The need for uniformity

Imagine you and I attend two different churches of the same denomination and meet for lunch afterward.  How much of what we both experienced should be the same and how much should vary?

Now to be honest, some things are going to be different no matter what.  The odds of two different churches operating independently of each other picking the same hymns, praying
the same prayers, and hearing the same sermon is impossible.  Maybe one or two hymns will be the same on some Sunday’s; the general topics that are prayed for will be similar; but to have identical services would be impossible.

In The Lutheran Church-Missouri Synod, many congregations today use Lutheran Service Book as their primary source for hymns and services; it has reached levels of use not seen since the high-point of The Lutheran Hymnal.  This is a great benefit for the Church that
you or I can walk into any congregation and be greeted by the familiar site of a known hymnal in the pews.

But the question is how much should be the same and how much should be different from congregation to congregation?

Consider that Lutheran Service Book has five different options for the Divine Service; in addition to six other non-communion services.  By comparison The Lutheran Hymnal offered one communion service and four non-communion services.  Having so many different services might keep people entertained, but it will also keep them guessing on which service is going to be used on which Sunday.

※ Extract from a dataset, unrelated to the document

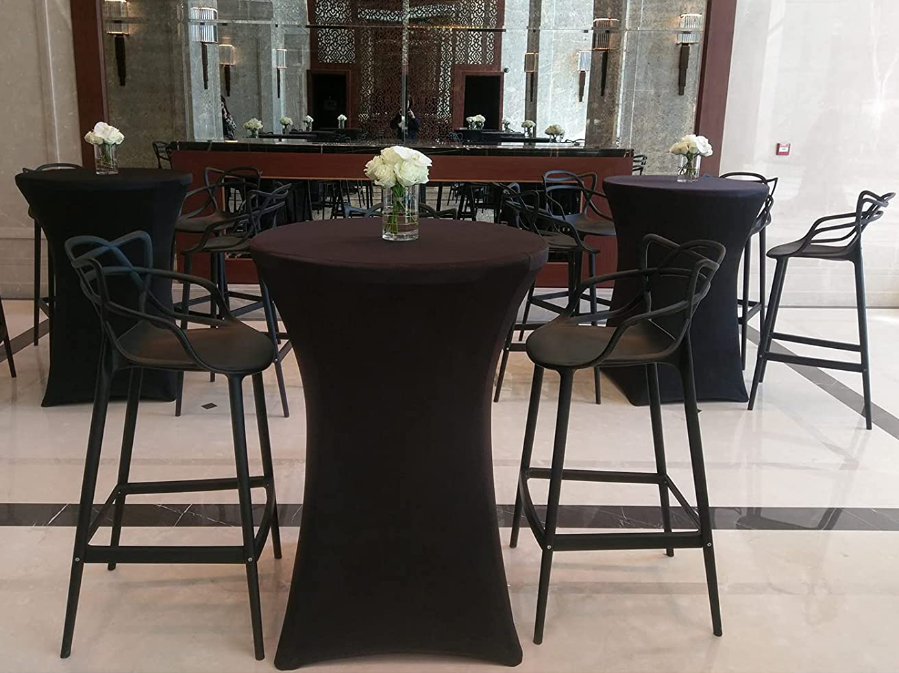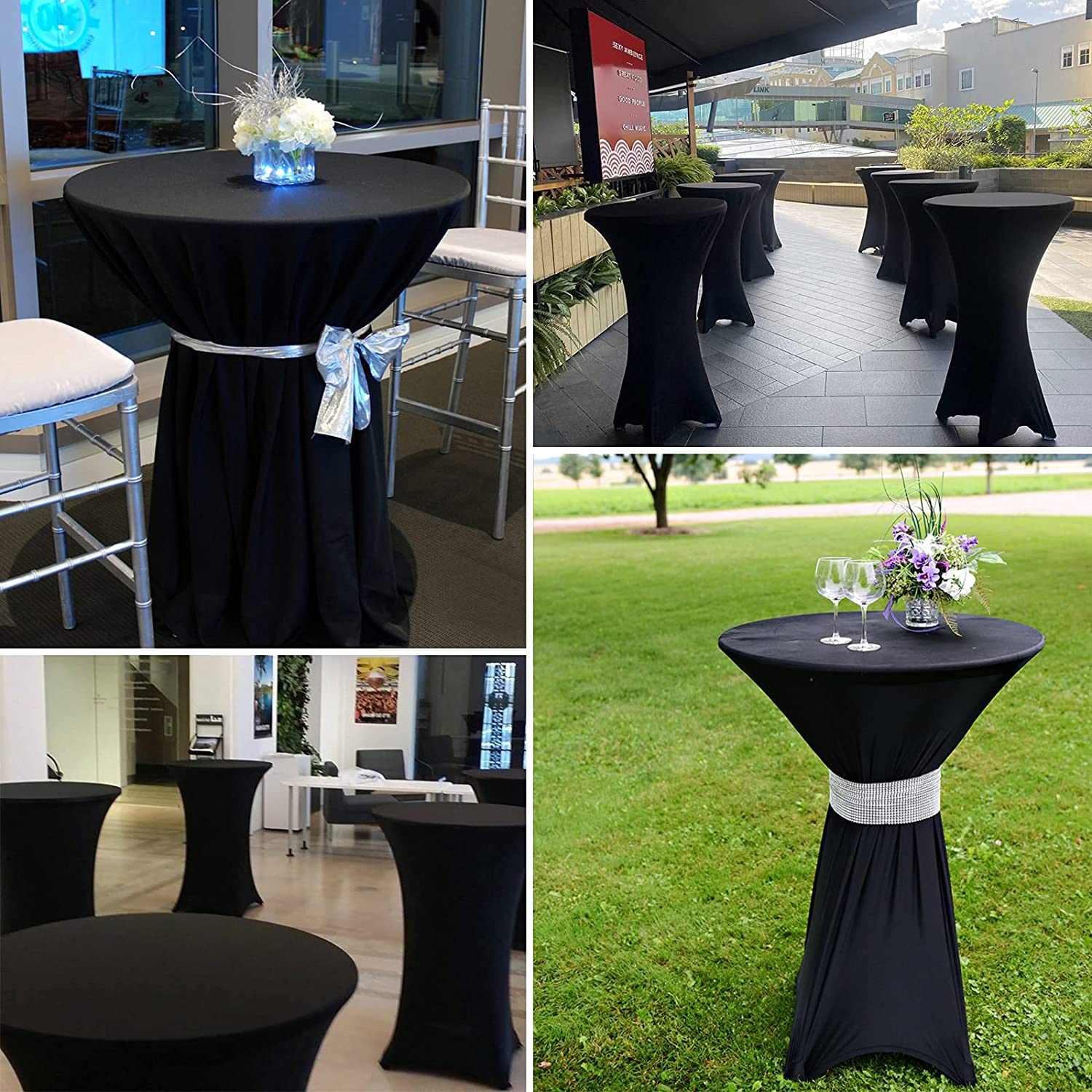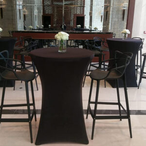 Pokrowiec przeznaczony jest do stolików koktajlowych o szerokości blatu ok. 80 cm i wysokości ok. 110 cm.

There is also the issue of Lectionaries.  The Church has two main Lectionaries to choose from: a One Year and a Three Year.  The readings for these Lectionaries can vary widely from Sunday to Sunday; although on major festivals they normally are pretty close.  There are also some churches do not use any Lectionary, instead opting to preach in a continuous sermon series.

Recently I have been watching a weekly video offering that walks through the Gospel reading for the coming Sunday; I can do that because the host uses the Three Year Lectionary; if he did not, I could still watch, but they would not be nearly as helpful.  Concordia Seminary offers sermon helps in their quarterly theological journal; again they use the Three Year Lectionary, so they are again helpful to me; but not to the one using the One Year Lectionary.

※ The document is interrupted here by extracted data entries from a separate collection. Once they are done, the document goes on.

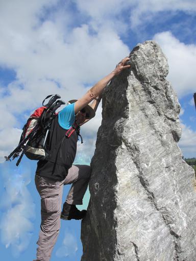 Keywords: man person climb mountaineer rock steep sky blue clouds
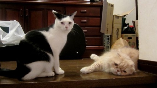 ある日帰ると階段の上で仲良くお出迎え。。癒されますなぁ… ▲モモ 1才 ▲ミル 8才
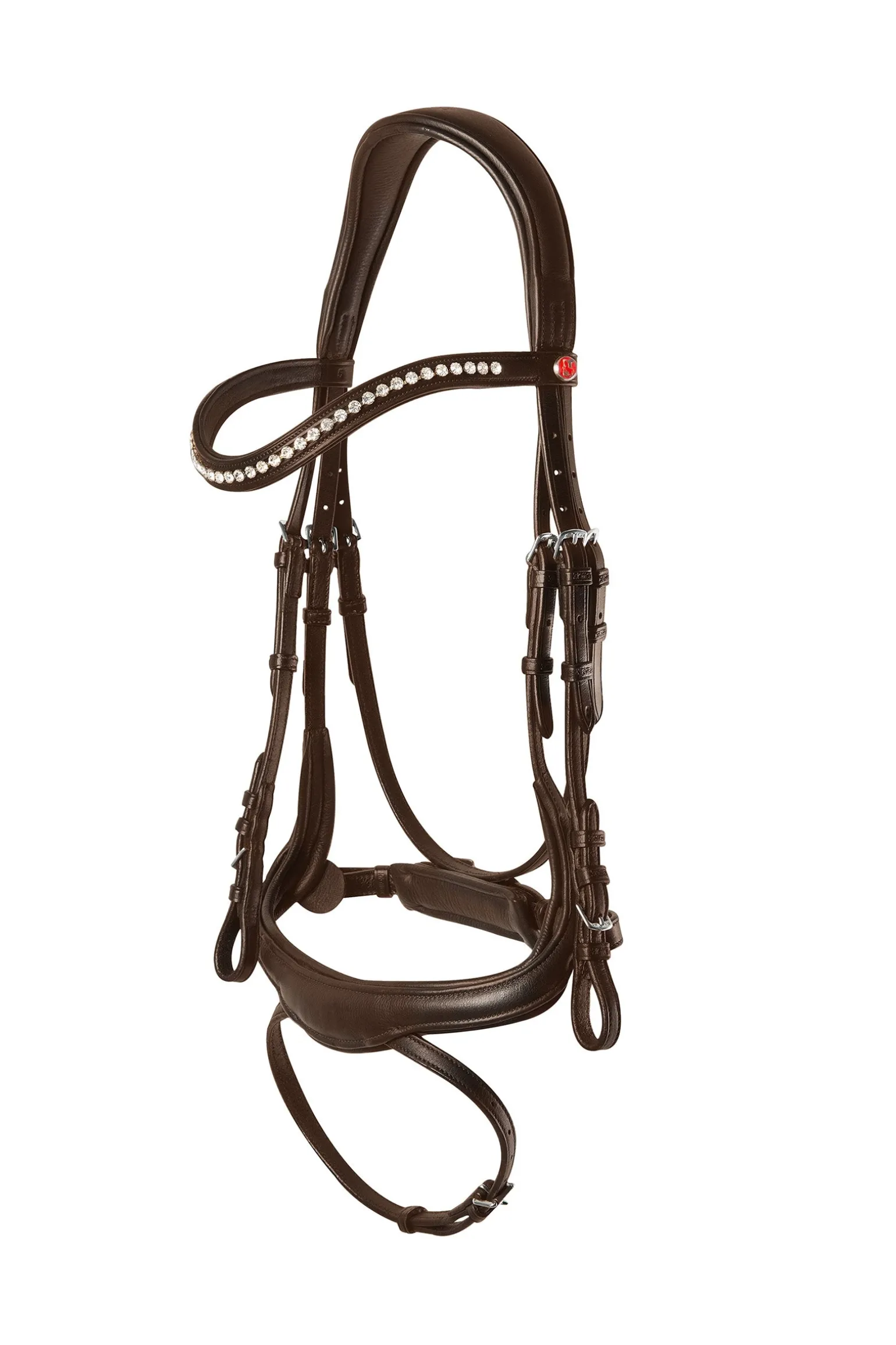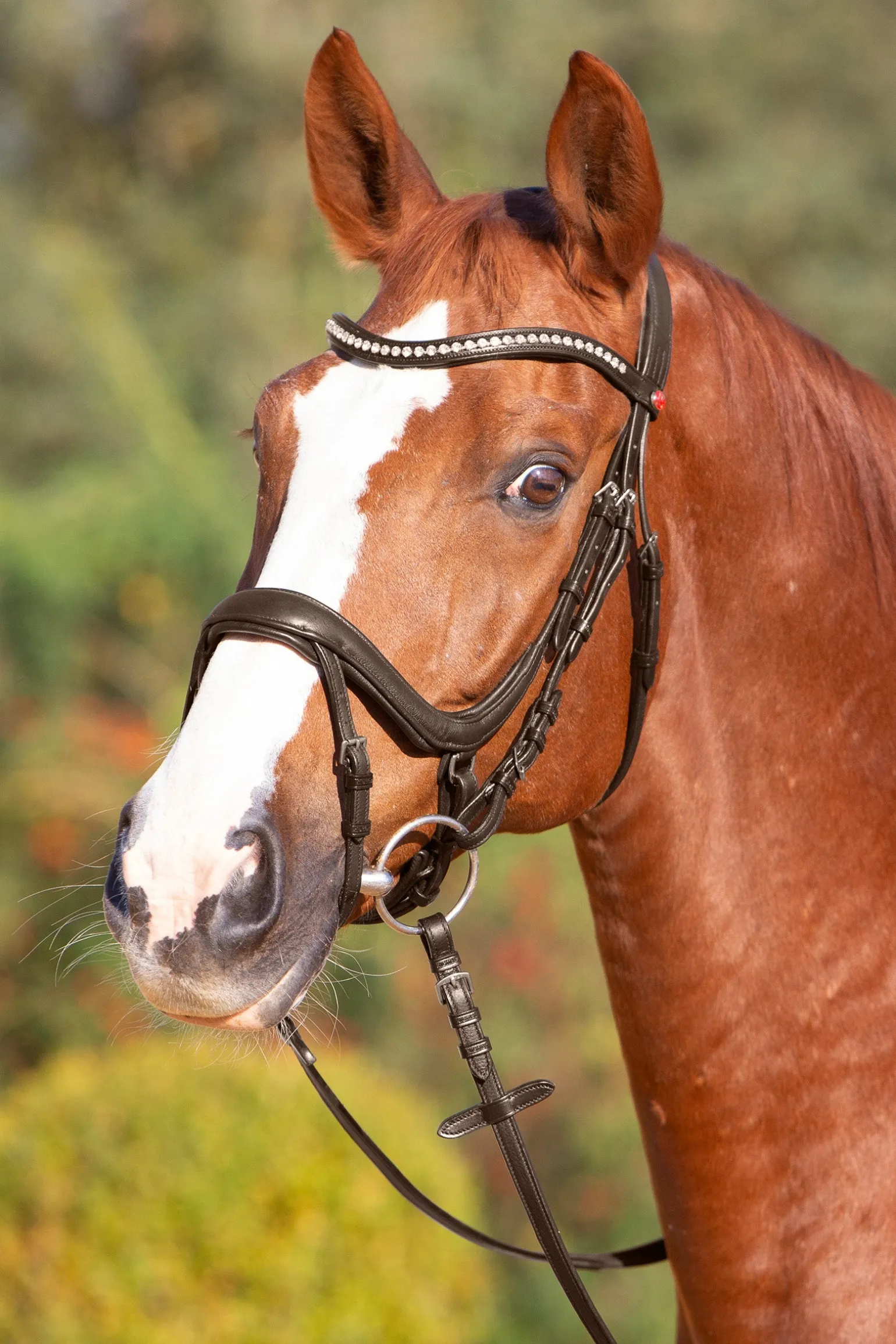 Der neue Trensenzaum Kieffer Ultrasoft® Amy mit schwedischem Reithalfter berücksichtigt in erster Linie höchsten Komfort für den sensiblen Pferdekopf in seiner Gesamtheit mit all seinen empfindlichen Nervenbahnen. Für eine schonende Druckverteilung im Genick sorgt das anatomisch geformte Kopfstück mit breiter Auflagefläche, Ohrenausschnitt und extraweicher Polsterung. Das ebenfalls superweich gepolsterte, anatomisch geformte Reithalfter mit seinem abgerundeten Schnitt kommt perfekt auf dem Pferdekopf zum Liegen und spart die empfindlichen Nervenbahnen aus. Der integrierte Sperrriemen lässt sich bei Bedarf spurlos entfernen. Das mit weißen Kristallen besetzte, geschwungene Stirnband verleiht diesem Zaum zusätzlich einen eleganten Look.

There is then the issue of the Prayers of the Church.  The LCMS offers weekly Prayers
of the Church that are tailored written based on the readings and on Church and world events.  They come with intercessions ready written for Election Day, Life Sunday, Thanksgiving, what have you.  Not to mention the four different options for Prayers of the Church provided in the Altar Book.  Unless of course, you would rather write your own, as many do.

What is the problem with so much variety?  On the surface it is just the whim of the
individual pastor and congregation as to what they are doing on a particular Sunday.  What about the rest of the congregations and what they are doing?  Too each his own is often our response.

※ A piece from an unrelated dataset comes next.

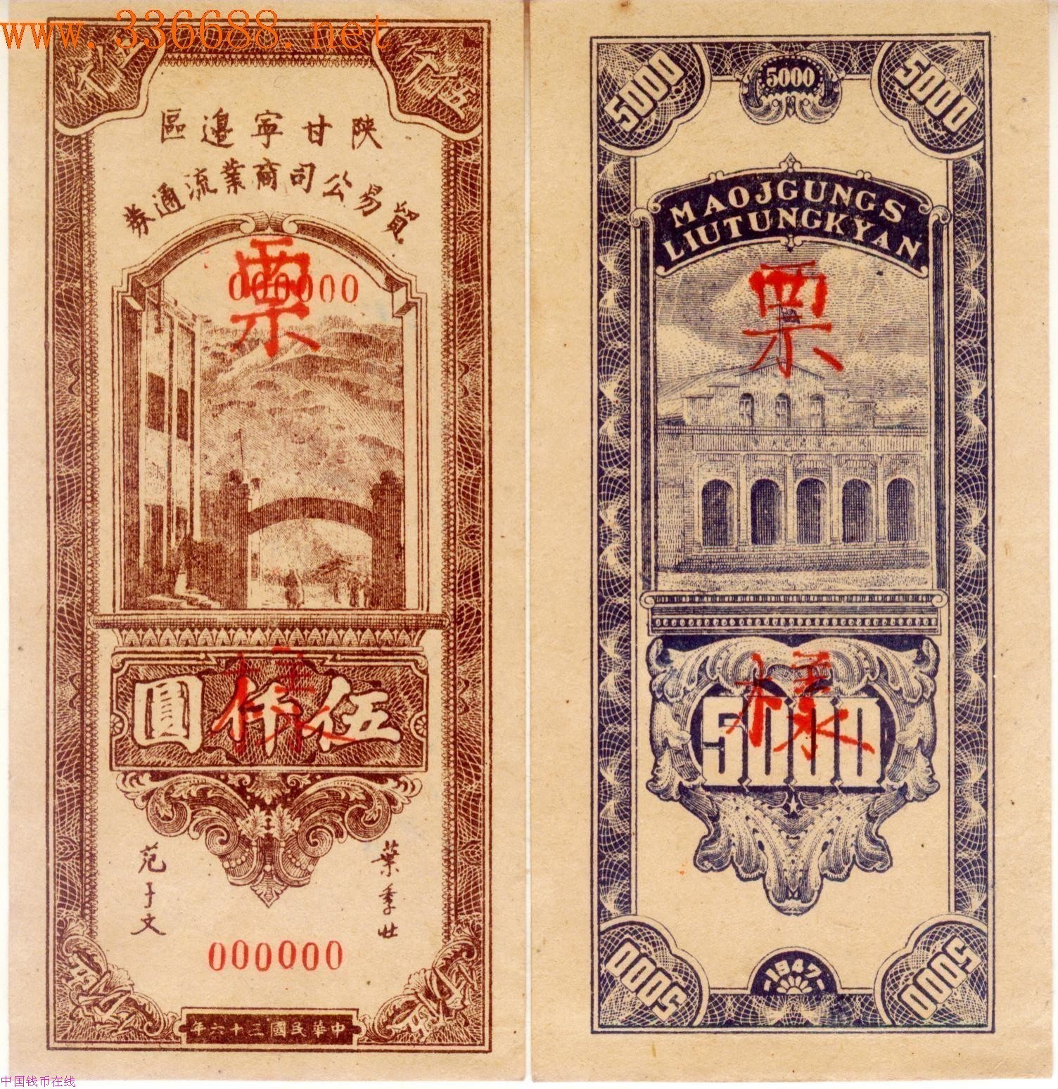 普通精品钱币[图文]陕甘宁边区贸易公司商业流通券5000圆样票刘扬01-22
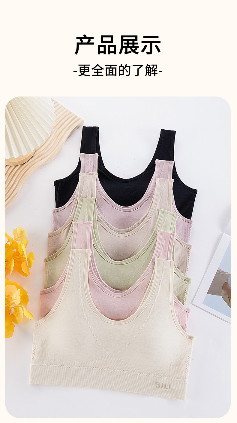 高校生、中学生向けの露出防止ブラジャー、シームレスな美しい背中、胸を包む薄い発育期ベスト下着、通気性のある学生向け

To have every congregation do a carbon copy of what the other is doing would be wrong.  Traditions have been established, and should be respected.  But are we one Synod with over 6000 congregations?  Or are we over 6000 congregations with one Synod?

I believe this has led at least in part to the lack of concern of the practice between congregations.  If one congregation does Setting 1, uses the Three Year Lectionary and the Prayers of the Church off of the web; and another congregation does Setting 5, One Year Lectionary and Prayers of the Church out of the Altar Book; and a third congregation does Setting 3, preaches in continuous series, and writes their own prayers; well how can their possibly be any concern for the other, when the other does something completely foreign to what we do?

And so we are back to you and I meeting for lunch after attending different churches that do completely different services with different Lectionaries and prayers.  Can we truly discuss what happened that morning in the service with any familiarity of what the other experienced?

In an age where we are told to be our own person, to do our own thing, to reject what everyone else is doing and go our own way; has the Church followed suit to its detriment?